The organization’s policy brief published last month, as in previous years, also pointed to the higher energy burden — the share of income spent on energy — that Black and Hispanic households experience compared to others.

With a colder winter predicted this year for the Northeast and Midwest, heating bills are projected to rise nationwide, increasing these families’ hardships. For natural gas customers, costs are expected to increase 7.2%, the National Energy Assistance Directors Association says.

But for Chicagoans, the situation could grow even more dire and unaffordable — not just this winter, if those predictions hold, but in the years to come, and at a time when so many residents are already struggling to keep up with heating costs.

If Peoples Gas is given the green light by state regulators to continue its hampered, contentious pipeline replacement program, heating bills could double over the next 15 years, a report commissioned by the Citizens Utility Board revealed this week. In addition, customers could be footing the bill for the costly initiative for an additional six decades.

Meanwhile, as more residents opt for electric alternatives, including heat pumps, and leave the utility, the remaining “shrinking pool of ratepayers” will be left to foot the bill, according to the analysis conducted by the clean energy consulting firm Groundwork Data.

These alarming estimates are enough to keep Chicagoans up at night, worrying about how to keep warm as the cost of Peoples’ pipeline replacement project keeps growing. Regulators last fall put the program on hold pending a state investigation, except for $1.6 million the utility was allowed to spend “out of an abundance of caution” regarding safety and the need to replace aging pipes.

“On hold” is where this project should stay, until the final results of the investigation are in.

Peoples Gas quickly dismissed the report’s projections and has pointed repeatedly to safety concerns about corroding pipes across Chicago that date back as far as the 1800s.

Safety is important — no argument there.
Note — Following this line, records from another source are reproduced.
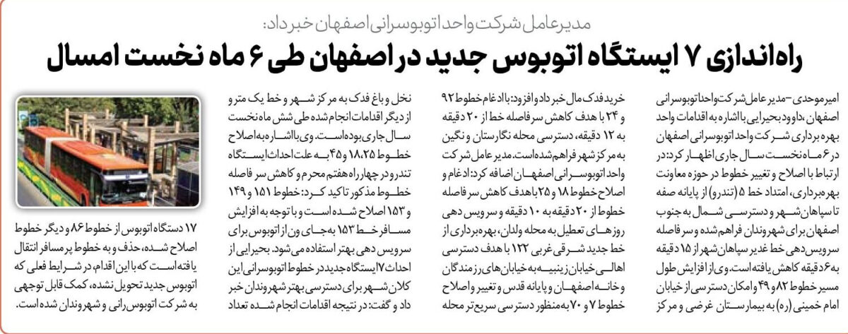 امیر موحدی-مدیرعامل شرکت واحد اتوبوسرانی اصفهان ،داوود بحیرایی با اشاره به اقدامات واحد بهره برداری شرکت واحد اتوبوسرانی اصفهان در ۶ ماه نخست سال جاری اظهار کرد: در ارتباط با اصلاح و تغییر خطوط در حوزه معاونت بهرهبرداری، امتداد خط ۵ (تندرو) از پایانه صفه تا سپاهانشهر و دسترسی شمال به جنوب اصفهان برای شهروندان فراهم شده و سرفاصله سرویسدهی خط غدیر سپاهانشهر از ۱۵ دقیقه به ۶ دقیقه کاهش یافته است. وی از افزایش طول مسیر خطوط ۸۲ و ۴۹ و امکان دسترسی از خیابان امام خمینی (ره) به بیمارستان غرضی و مرکز خرید فدک مال خبر داد و افزود: با ادغام خطوط ۹۲ و ۲۴ با هدف کاهش سرفاصله خط از ۲۰ دقیقه به ۱۲ دقیقه، دسترسی محله نگارستان و نگین به مرکز شهر فراهم شده است. مدیرعامل شرکت واحد اتوبوسرانی اصفهان اضافه کرد: ادغام و اصلاح خطوط ۱۸ و ۲۵ با هدف کاهش سرفاصله خطوط از ۲۰ دقیقه به ۱۰ دقیقه و سرویس دهی روزهای تعطیل به محله ولدان، بهرهبرداری از خط جدید شرقیغربی ۱۲۲ با هدف دسترسی اهالی خیابان زینبیه به خیابانهای رزمندگان و خانه اصفهان و پایانه قدس و تغییر و اصلاح خطوط ۷ و ۷۰ بهمنظور دسترسی سریعتر محله نخل و باغ فدک به مرکز شهر و خط یک مترو از دیگر اقدامات انجام شده طی شش ماه نخست سال جاری بوده است. وی با اشاره به اصلاح خطوط ۲۵، ۱۸ و ۴۵ به علت احداث ایستگاه تندرو در چهارراه هفتم محرم و کاهش سر فاصله خطوط مذکور تاکید کرد: خطوط ۱۵۱ و ۱۴۹ و ۱۵۳ اصلاح شده است و با توجه به افزایش مسافر خط ۱۵۳ بهجای ون از اتوبوس برای سرویس دهی بهتر استفاده میشود. بحیرایی از احداث ۷ ایستگاه جدید در خطوط اتوبوسرانی این کلانشهر برای دسترسی بهتر شهروندان خبر داد و گفت: در نتیجه اقدامات انجام شده تعداد ۱۷ دستگاه اتوبوس از خطوط ۸۶ و دیگر خطوط اصلاح شده، حذف و به خطوط پرمسافر انتقال یافته است که با این اقدام، در شرایط فعلی که اتوبوس جدید تحویل نشده، کمک قابل توجهی به شرکت اتوبوسرانی و شهروندان شده است.
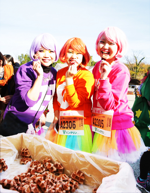 200種類以上の走っている最中でも食べやすいサイズのスイーツが食べ放題のこのイベントは毎回グループで仮装して参加する女性が多く、中にはスイーツ男子の姿も。スイーツを食べながら走るなんてできない! な〜んて事はなく、走るスピードはあなた次第。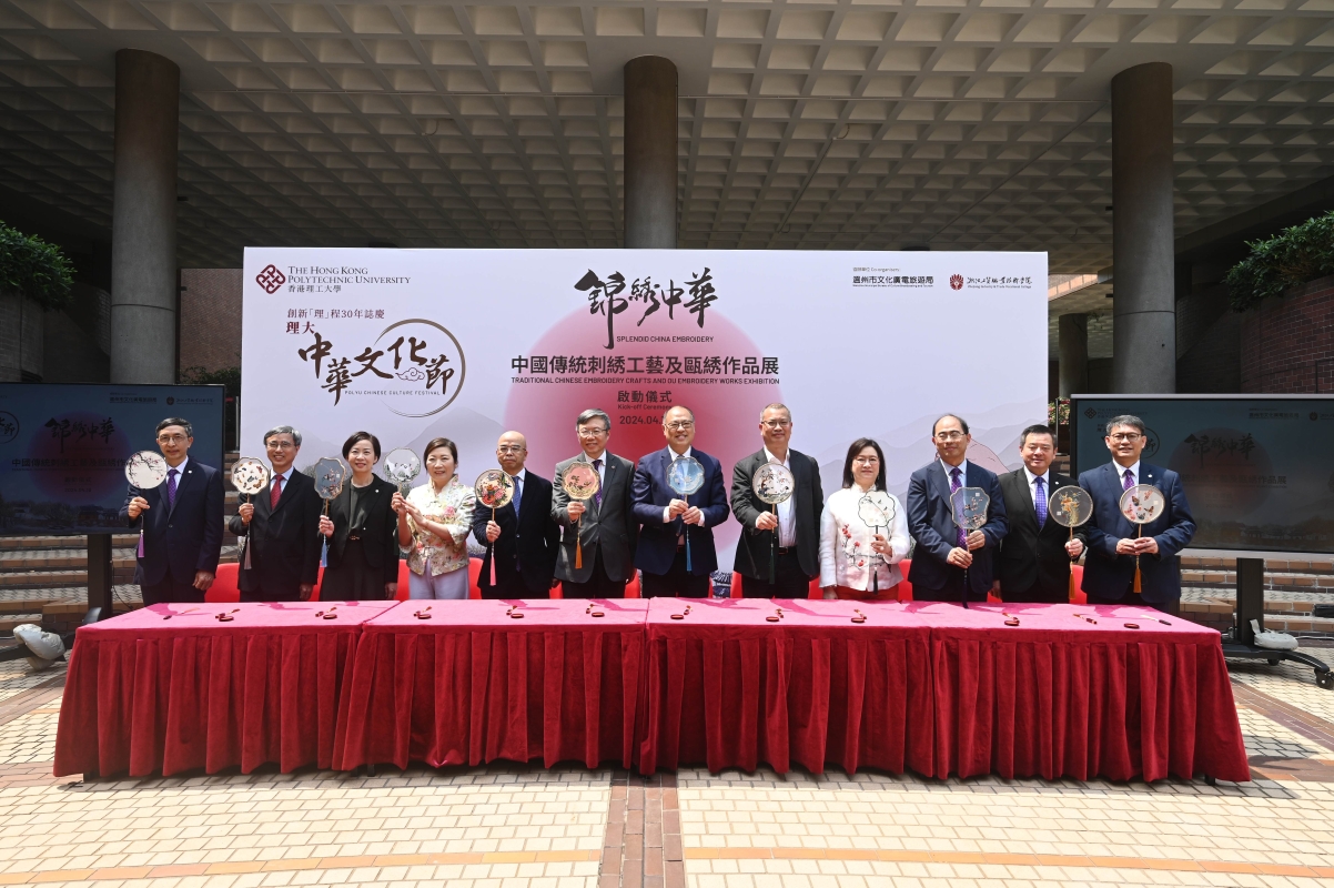 港理大中華文化節推廣中國傳統刺綉工藝文化香港新聞網4月10日電 香港理工大學中華文化節以中國傳統刺綉工藝文化為主題,由10日起至4月23日開展第二波精彩活動──“錦綉中華 — 中國傳統刺綉工藝及甌綉作品展”,並舉辦講座、工作坊及展覽導賞等,弘揚中華文化及非遺工藝的魅力。 是次展覽由理大主辦,溫州市文化廣電旅遊局及浙江工貿職業技術學院協辦。活動啟動儀式於今天舉行,由理大校董會主席林大輝博士、校長滕錦光教授、溫州市文化廣電旅遊局黨組書記及一級調研員張志宏先生、浙江工貿職業技術學院副校長汪焰教授、浙江工貿職業技術學院高級工藝美術師兼浙江省工藝美術大師鄒繩珠女士,以及理大大學顧問委員會主席顏吳餘英博士、大學管理層及學院院長,為展覽揭開序幕。

Aging cast-iron pipes can cause leaks and explosions when gas escapes, unlike new pipes made of polyethylene, which does not corrode.

But, as this editorial board pointed out two years ago, why not identify and replace the most hazardous pipelines, instead of upgrading the whole system — and at a time when more people are turning away from natural gas?

“Peoples needs to do what is necessary to keep its gas pipelines safe. But Chicago should not throw money at a system that does not appear to be a major part of the city’s environmental future,” this editorial board concluded in 2022, citing Illinois’ goal of transitioning to renewable energy by 2050.

Peoples Gas may not take the report by what a spokesman called “an out of state, anti-natural gas group” seriously, discounting its projection of the additional $12.8 billion needed to complete the pipeline program by 2040.

But that doesn’t change the reality that the initial estimate of $2 billion for the entire project has ballooned up to nearly $11 billion with less than half — 38% — of the work completed.

A final Illinois Commerce Commission ruling is expected early next year.

Let’s hope the ICC realizes Chicagoans shouldn’t have to shoulder the burden for decades just to keep the heat on now.